It's truly stunning how far home entertainment technology has come in terms of how we watch movies. When I was a kid we had VHS tapes, but not only have we moved on from those, but we've almost completely moved on from their successor, DVD, as well, with the rise of Blu-ray and streaming movies. While most of us could have never seen it coming, one person absolutely did: Roger Ebert.

The LA Times recently dug up an interview with the world's most famous critic that was written back in 1987 in which he talks about the future of movie watching, and he is scary accurate, plus or minus a few smaller details. Scope out the excerpt below.

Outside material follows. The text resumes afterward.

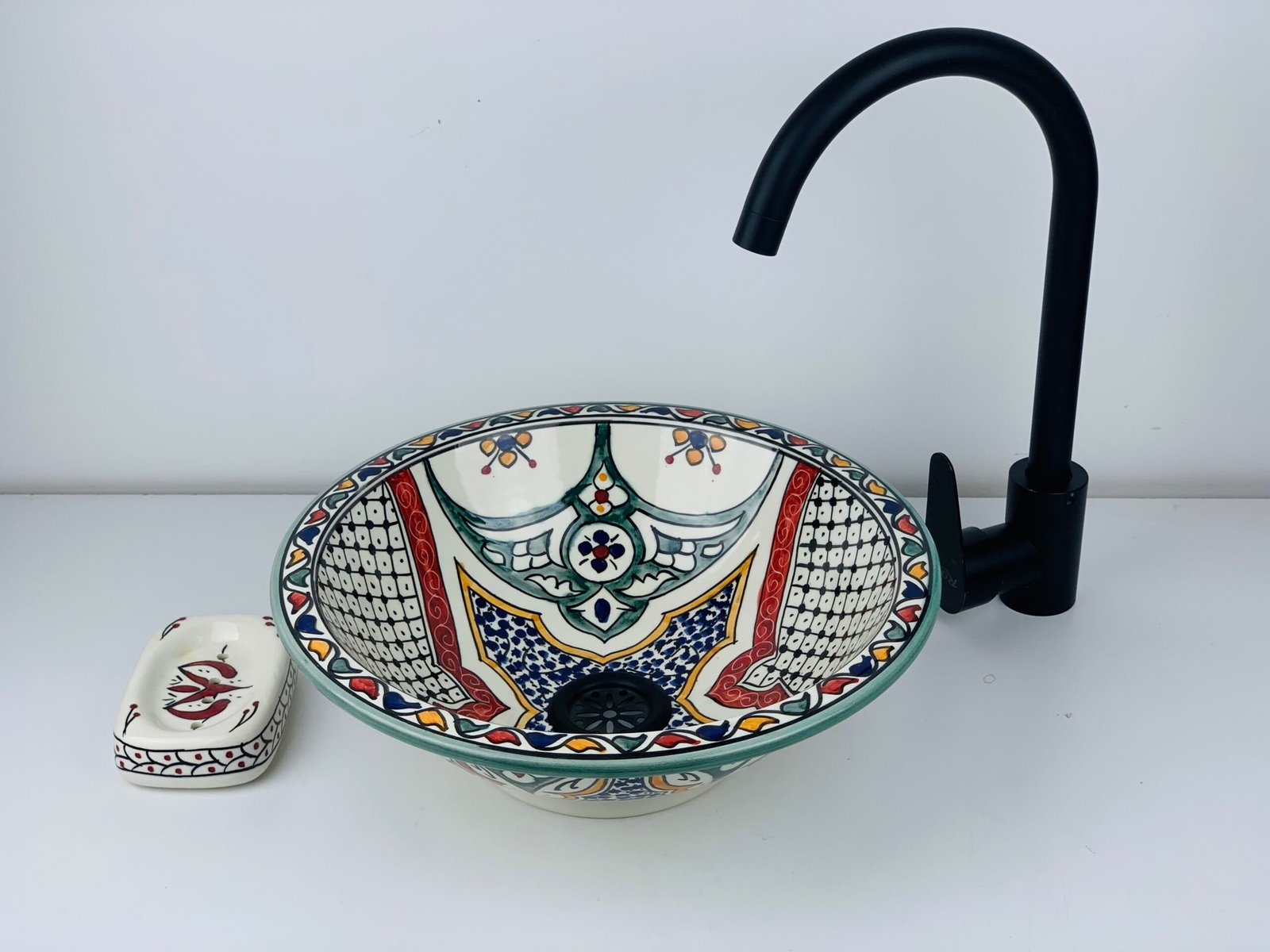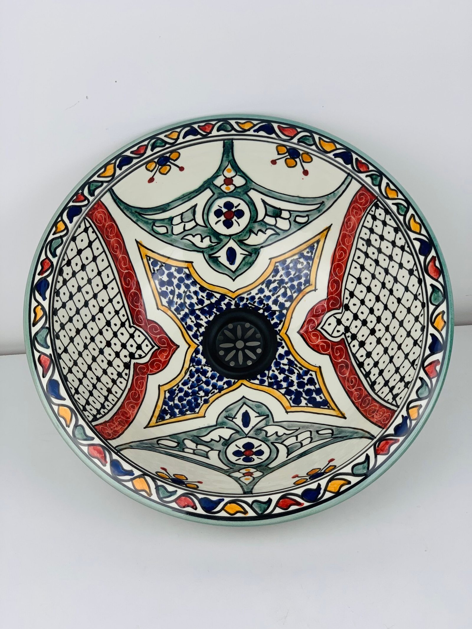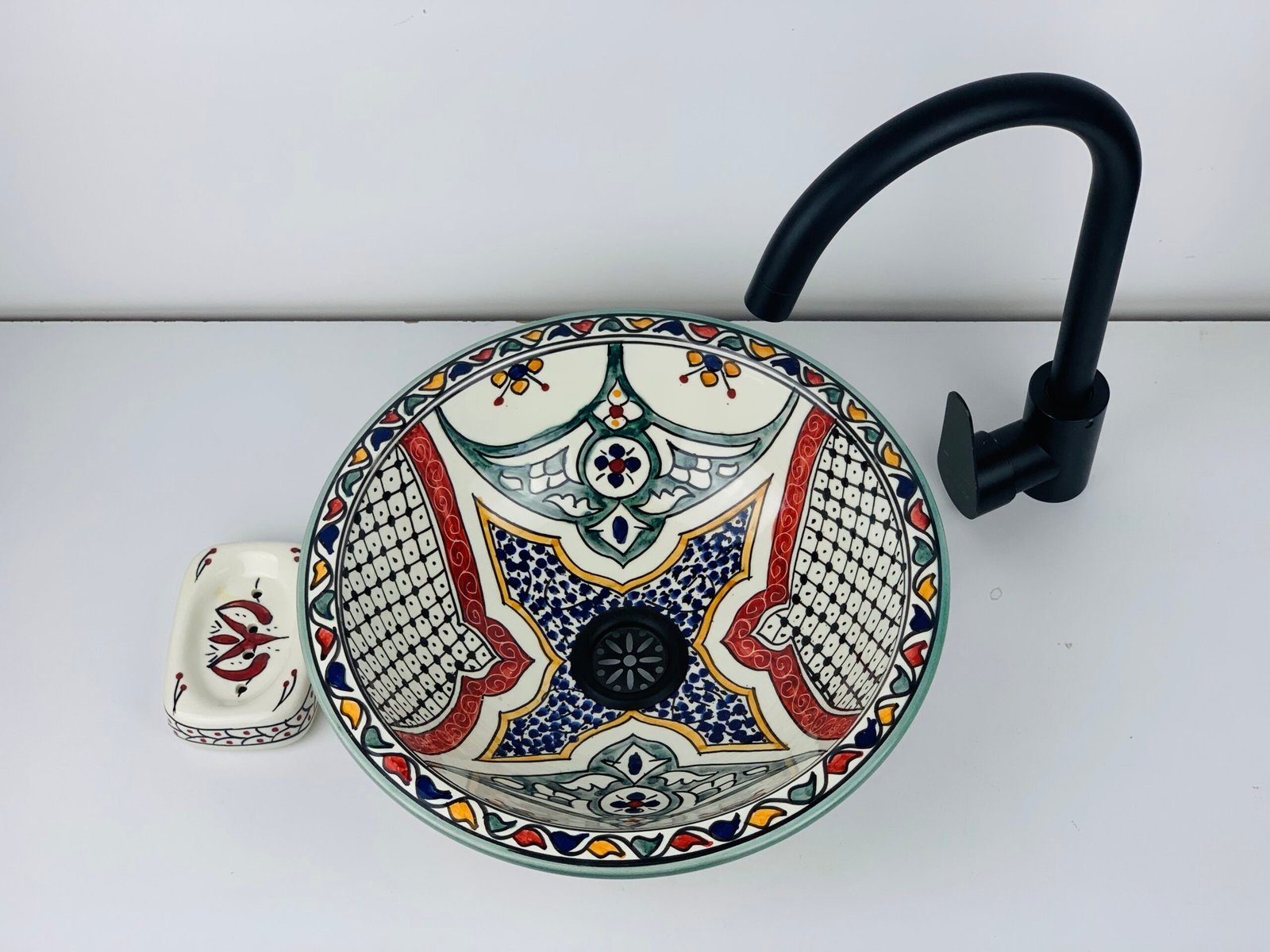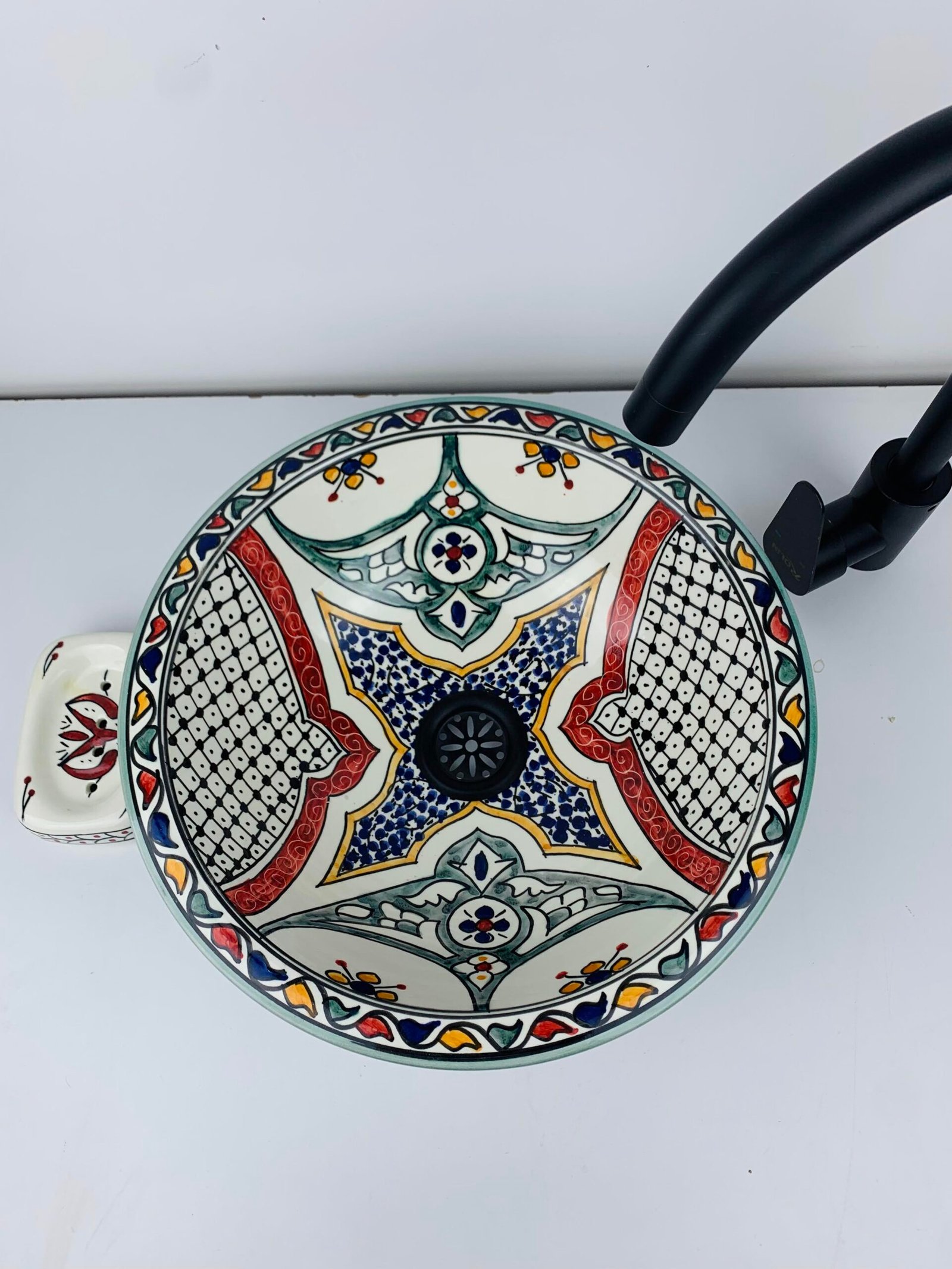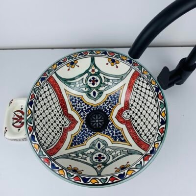 Hand-Painted Ceramic Sink with Brass Rim – Elegant Moroccan Design

"We will have high-definition, wide-screen television sets and a push-button dialing system to order the movie you want at the time you want it. You'll not go to a video store but instead order a movie on demand and then pay for it. Videocassette tapes as we know them now will be obsolete both for showing prerecorded movies and for recording movies. People will record films on 8mm and will play them back using laser-disk/CD technology. I also am very, very excited by the fact that before long, alternative films will penetrate the entire country. Today seventy-five percent of the gross from a typical art film in America comes from as few as six --six-- different theaters in six different cities. Ninety percent of the American motion-picture marketplace never shows art films. With this revolution in delivery and distribution, anyone, in any size town or hamlet, will see the movies he or she wants to see."
Did you just get chills down your spine, because I certainly did. In one fell swoop the guy predicted the saturation of HD TVs, DVDs, OnDemand and independent film distribution. How many of you can see 24 years into the future of your chosen profession? Like I said, scary accurate.